Secretary of State Condoleezza Rice's expectation last week, that the U.N.
Security Council would quickly pass a resolution to stop the bloodshed in
Lebanon, now seems premature. Israel's Prime Minister Ehud Olmert asserts that
his military will stay in Lebanon until international peace enforcing troops are
deployed there.
The Lebanon war and growing international protests against President Bush for
refusing to press for a cease-fire brings into focus a key question: has the
president overreached in his drive to force fundamental change throughout the
entire Middle East?
It is not known, as this is written, how soon the U.N. will authorize a major
force that can spare both Lebanon and Israel additional destruction and
bloodshed. The current dangerous situation has the potential of escalating into
fighting between Israel and Syria along Lebanon's eastern border.
It is time for the Bush administration, Congress, and media commentators to
address fundamental questions about U.S. policy in the Middle East, where we
should be headed and what price we are willing to pay. Here are five central
questions that should be asked:
- Is it a feasible task for the United States to remake the political
institutions of countries in the Middle East, as the president and Condoleezza
Rice have been urging? Have recent democratic elections in Iraq, Lebanon, and
Palestine produced effective governments able to control terrorists, or have
they resulted in political instability?
- Are Israel's and America's interests in the Middle East identical, or are
they parallel in some cases, and divergent in others?

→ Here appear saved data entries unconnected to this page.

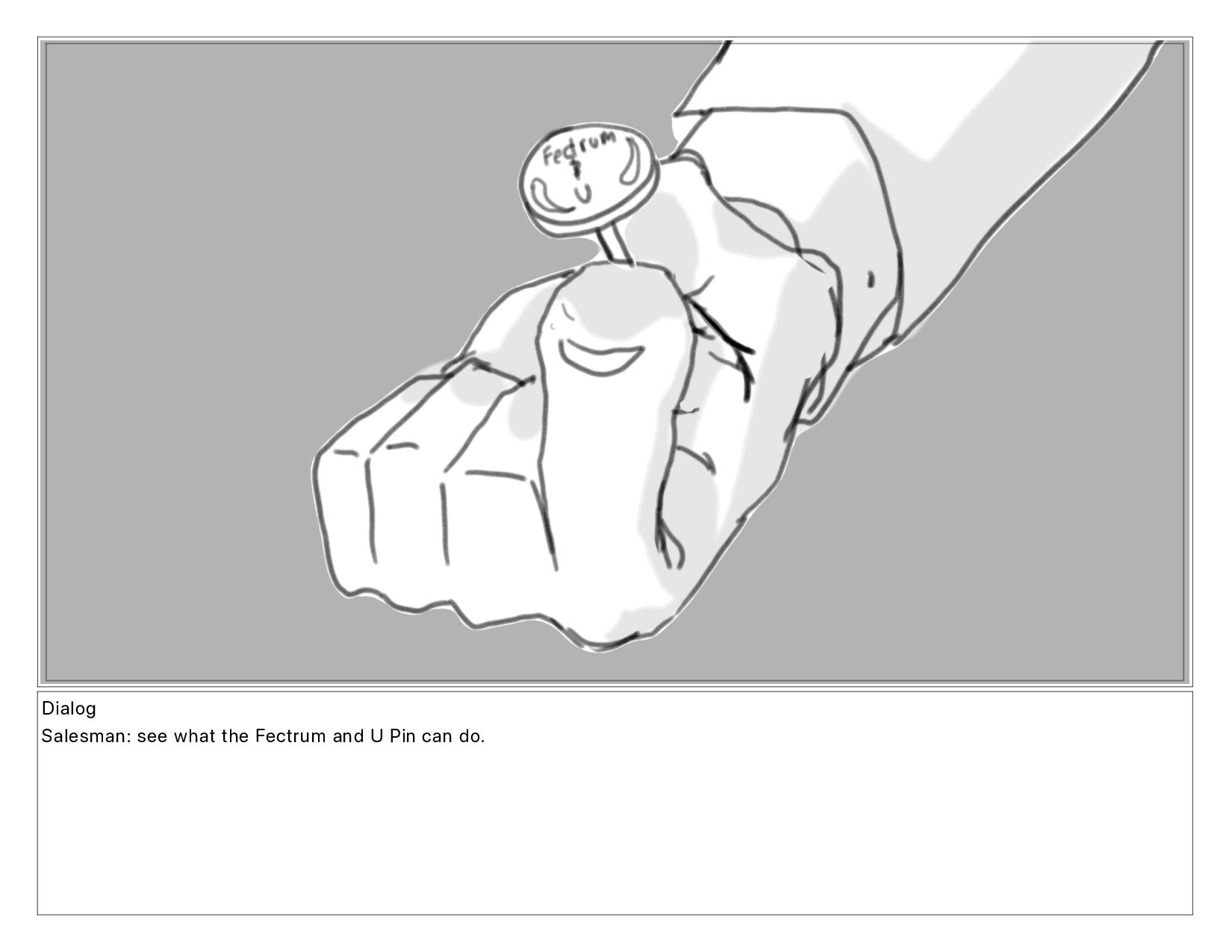 Dialog Saleman:..using our Fectrum and U's pin that sticks anything
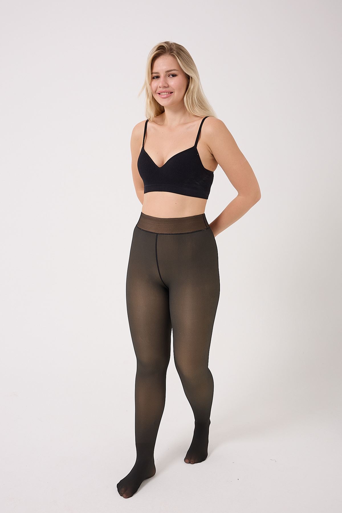 Peluş Tayt Polarlı Külotlu Çorap Tayt Peluş Siyah İçi Ten Renkli Sihirli Külotlu Kışlık Kalın İçi
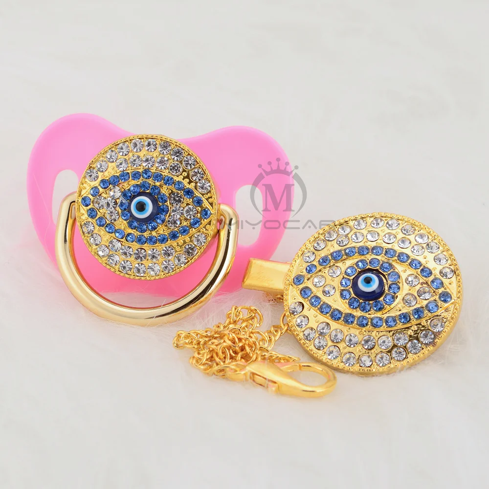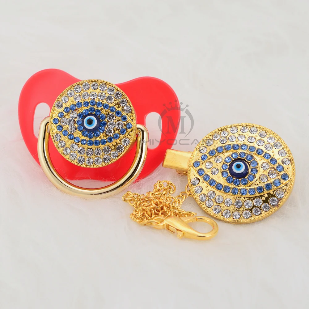Золотистая красивая соска от сглаза MIYOCAR, набор зажимов для соски, милая соска для глаз, зажим без бисфенола а, необычная блестящая соска
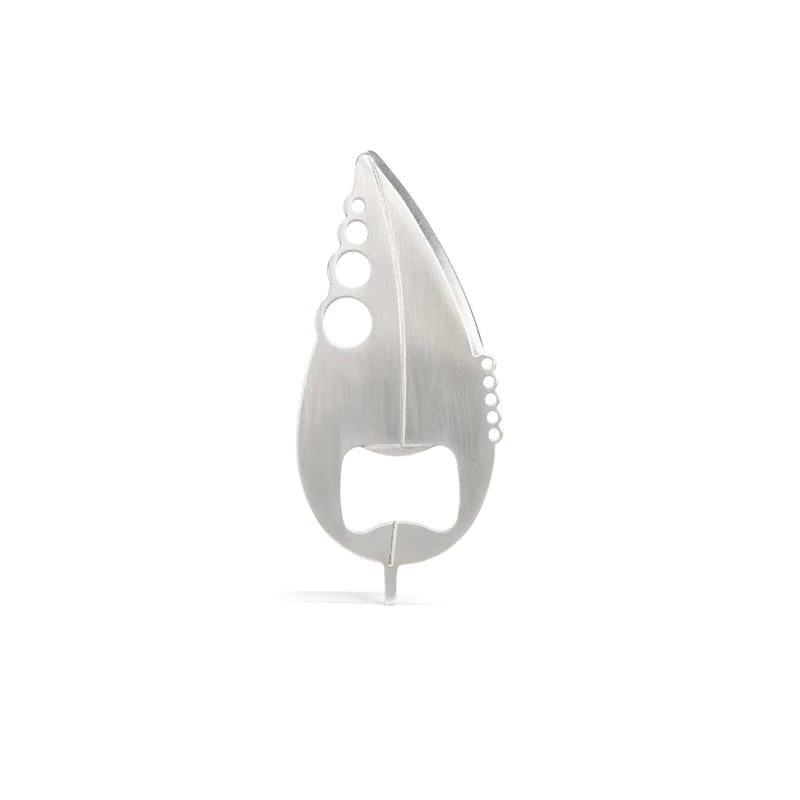 Multi-tool to zest (zester), remove herbs from twigs (herb stripper), peel (citrus peeler), cut (rocking blade) and to open beer bottles (bottle opener).
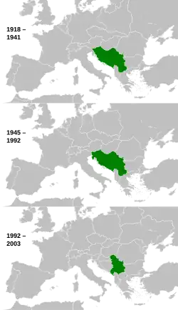 Von 1918 bis 1941 existierte das Königreich Jugoslawien („Erstes Jugoslawien“), danach bestand von 1945 bis 1992 die Sozialistische Föderative Republik Jugoslawien („Zweites Jugoslawien“). Während der Jugoslawienkriege bildete sich von 1992 bis 2003 aus Serbien und Montenegro die Bundesrepublik Jugoslawien, gefolgt 2003 bis 2006 vom territorial und völkerrechtlich identischen Staatenbund Serbien und Montenegro („Restjugoslawien“).
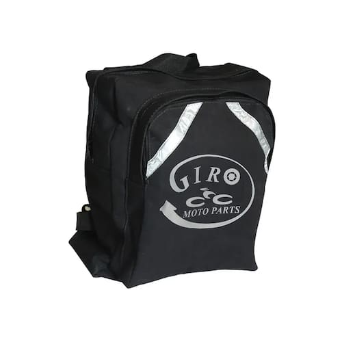 Loja Oficial Giro Moto Parts A Mochila reforçada da Giro Moto Parts by Piracapas é perfeita para viagens de moto ou para serviços de motoboy e entregas. Conta com 02 bolsos para carga, alça manual na parte superior, alças reforçadas, base emborrachada e faixas reletivas.Especificações:• Marca: Piracapas• Medidas: Largura: 35cm / Altura: 45cm / Profundidade: 18cm• Capacidade: 28 Litros• Tamanho: P• Material: Nylon impermeabilizado, Argolas frontais em ferro e abs reforçado, reforçada em lonaConteúdo da Embalagem:01- Mochila De Lona Entrega Motoqueiro Logo Giro Moto Parts Tamanho P Marca: Não Informado
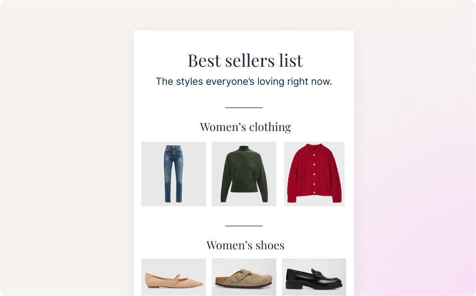 Think of the products featured in your winback messaging. You’re likely sharing some familiar favorites, reminding the customer what they loved about your brand last time. And you should!
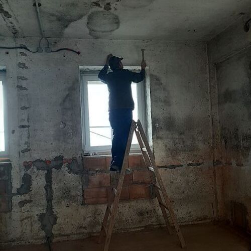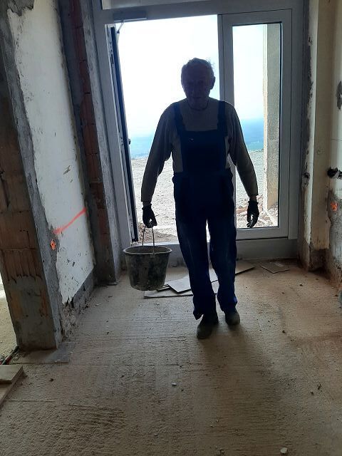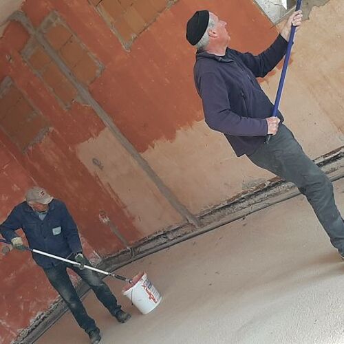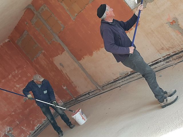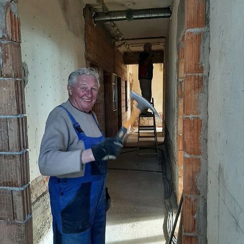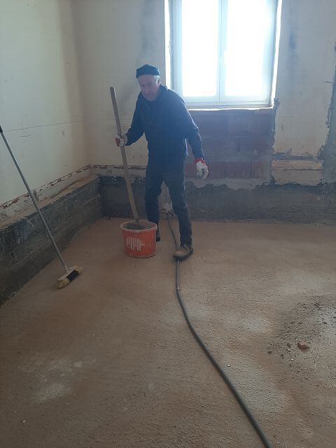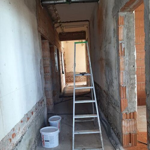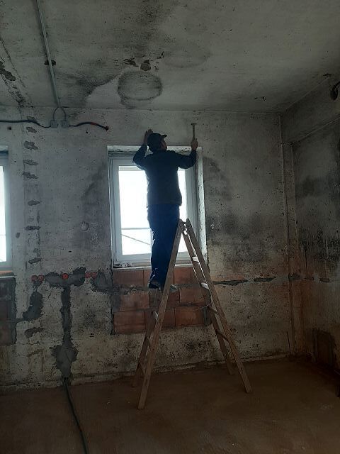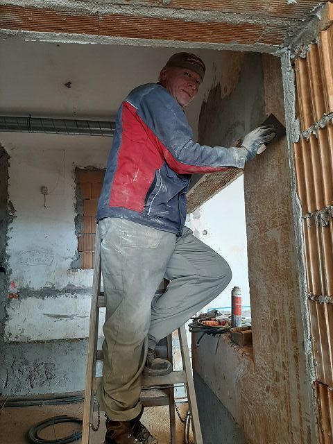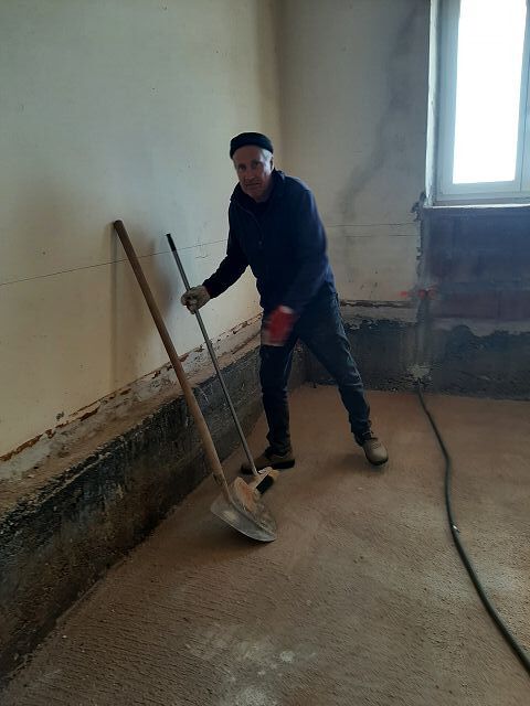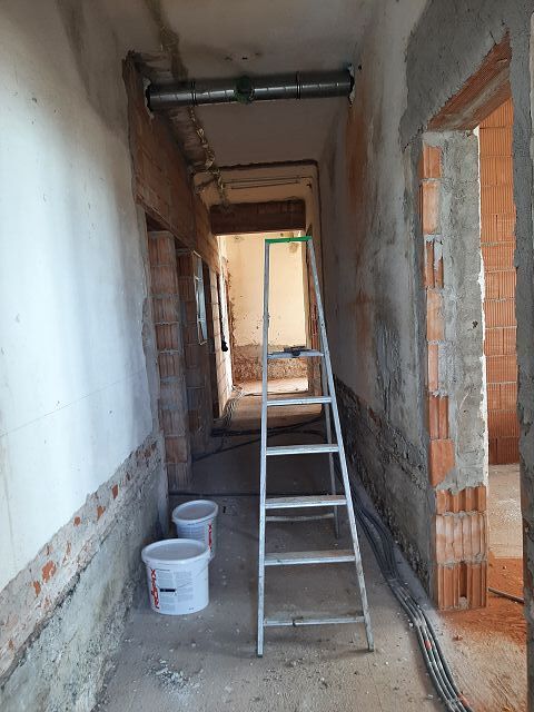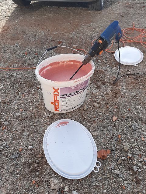 Da wir uns in Riesenschritten dem Innenputz nähern, galt unser Hauptaugenmerk der Vorbereitung. Wir räumten alles aus, erneuerten an ein paar kleinen Stellen den Putz und bereiteten alles mit einem Haftanstrich vor, dasss der Innenputz dann sicher haftet und hält.
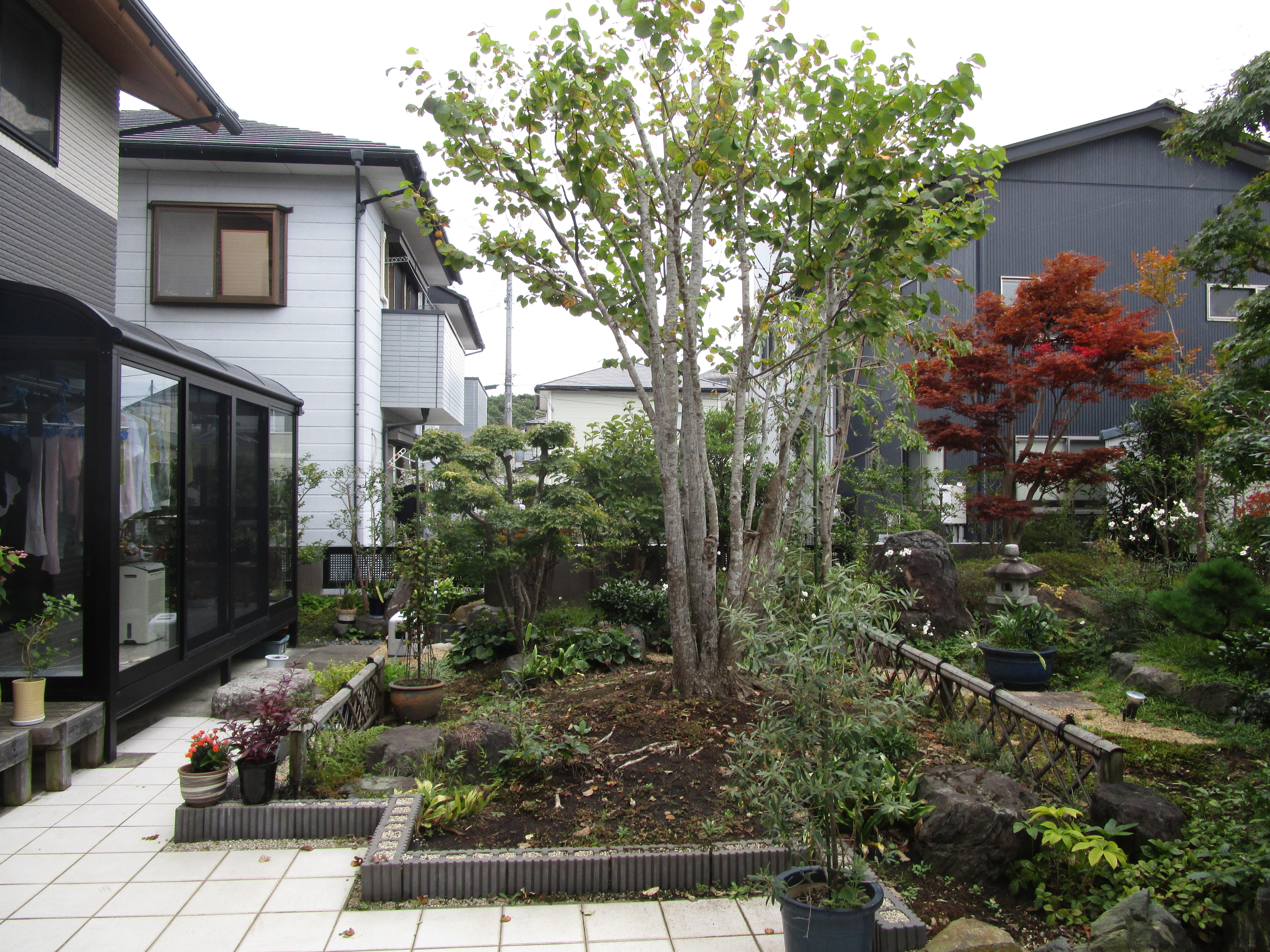 お気に入りの樹木を活かしながら有効スペースを確保しました。 お庭にたくさん植えられていた植栽も大幅に減らし、広々とした空間を作りました。 和と洋を組み合わせる施工でしたが、お施主様の意向を盛り込んだ納得のリフォームとなりました。

In May 2002, Israeli Prime
Minister Ariel Sharon persuaded George Bush that ousting Saddam Hussein in Iraq
would greatly improve Israel's security and permit it to pull out of Gaza and
most of the West Bank. Did Bush carefully weigh the consequences of his decision
on Iraq?
- Is it realistic to think, as some suggest, that Syria can be intimidated
into ceasing its support of Hezbollah if Israel should threaten to invade and
bomb its cities? Would an Israeli attack on Syria trigger a Middle East war, and
American intervention?
- Should the United States try to be an "honest broker" in helping to
resolve several Arab-Israeli conflicts? Jimmy Carter earned a Nobel Peace prize
for brokering a peace settlement between Israel and Egypt. Does George Bush
think his strong support of Israel's actions in Lebanon will produce a general
peace in the Middle East?
- Will Congress, particularly the Senate, assert an independent role in
assessing the costs and risks of our large military presence in Iraq and the
Persian Gulf? Should Congress insist on approving any proposal to send American
troops to Lebanon, or Gaza, to help secure Israel's borders, or leave that
decision solely to the president's judgment?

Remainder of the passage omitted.